Our test accuracy was somewhat lower than our training accuracy, but still far better than guessing at random. Building models where the test performance isn't significantly worse than the training performance is a key goal in machine learning.

Finally, let's see our model in action. We can use our model to predict the sentiment of some Tweet we make up.

In [None]:
import numpy as np

def predict_sentiment(tweet):
    # Our predictions will be a 3-element vector, where each element is the probability of a given sentiment class
    predictions = model.predict([tweet])[0]
    
    # Take the argmax to find the most likely sentiment
    predicted_sentiment_index = np.argmax(predictions)
    
    # Turn the sentiment index into a label
    all_sentiments = ['neutral', 'positive', 'negative']
    predicted_sentiment = all_sentiments[predicted_sentiment_index]
    
    return predicted_sentiment
    

print(predict_sentiment("I loved the new Guardians of the Galaxy movie. It was so well-made and touching!"))
print(predict_sentiment("I hated that movie. Gunn is a talentless hack"))

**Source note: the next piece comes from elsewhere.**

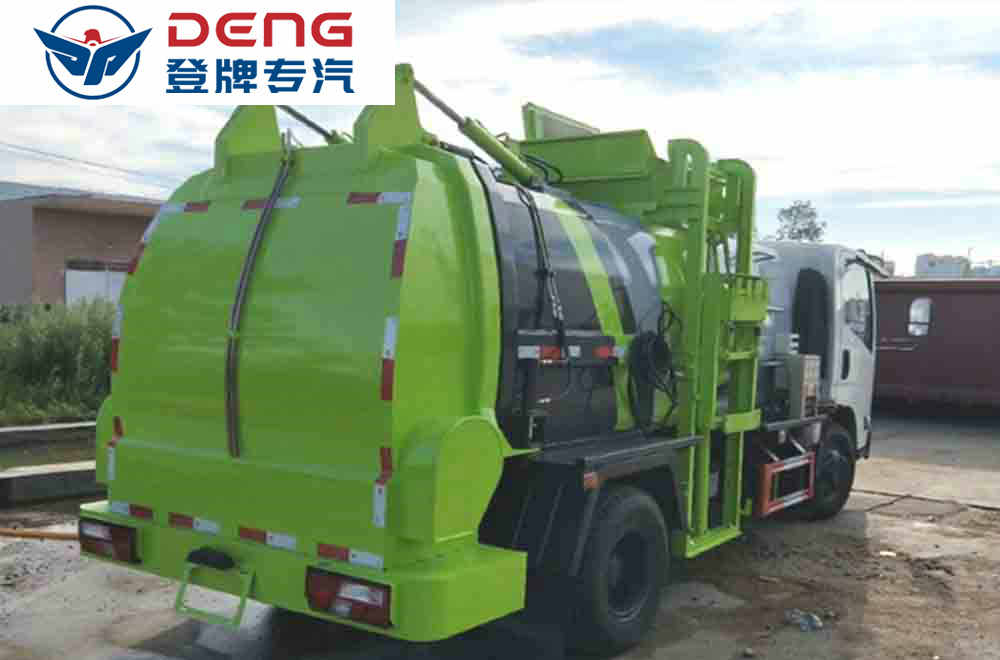 餐廚垃圾車又稱餐余垃圾車余廚余垃圾車或者泔水車,餐廚垃圾車是垃圾車中的一種,是用于收集和運輸生活垃圾、食品垃圾(泔水)及城市淤泥的專用車輛。 餐廚垃圾車標準配置:圓形碳鋼罐體,罐體厚度5mm,拉桿提升機帶上蓋聯(lián)動;后蓋液壓開啟;罐體舉升自卸。選裝內(nèi)軒推鏟卸料,帶渣液分離功能。餐廚垃圾車可分罐式和廂式。 餐廚垃圾車特點:改裝部分具有裝、卸垃圾自動化程度高、工作可靠、密封性好、裝載容積大、操作簡便、作業(yè)過程密閉,無污水泄露和異味的散發(fā),環(huán)保性好等特點??膳溲b載不同規(guī)格的標準垃圾桶,具有廣泛的適用性。餐廚垃圾車高效、清潔的是垃圾收、運專用車輛。

## **Challenge Exercise 1**
Try modifying the model used here to improve performance. Experiment with using a larger vocabulary in the `TextVectorizer`, using a different number of hidden layers, or hidden layers with a different number of nodes.

In [None]:
# TODO: Build and train a modified model


## **Challenge Exercise 2**
Download [this dataset](https://www.kaggle.com/datasets/azimulh/tweets-data-for-authorship-attribution-modelling). Create and train a model for predicting the author of a tweet. This is a similar problem to sentiment analysis, except we have more than 3 possible labels.

In [None]:
# TODO: Build and train a model for authorship prediction


## **Conclusion**
In this lesson, we learned what it looks like to create, train, and evaluate a machine learning model in Python for language processing tasks. 
- Creating vector representations of text using `TextVectorizer`
- Building a model with hidden layers
- Training a model on a training dataset
- Evaluating a model with a testing dataset

Machine learning can be a powerful tool for language applications, and it can be applied to a huge range of tasks. Regardless of the task, the basic techniques shown here will be used over and over. 

At this point, you've completed all of the skills necessary to begin building usable language technology. Next, take a look at the projects!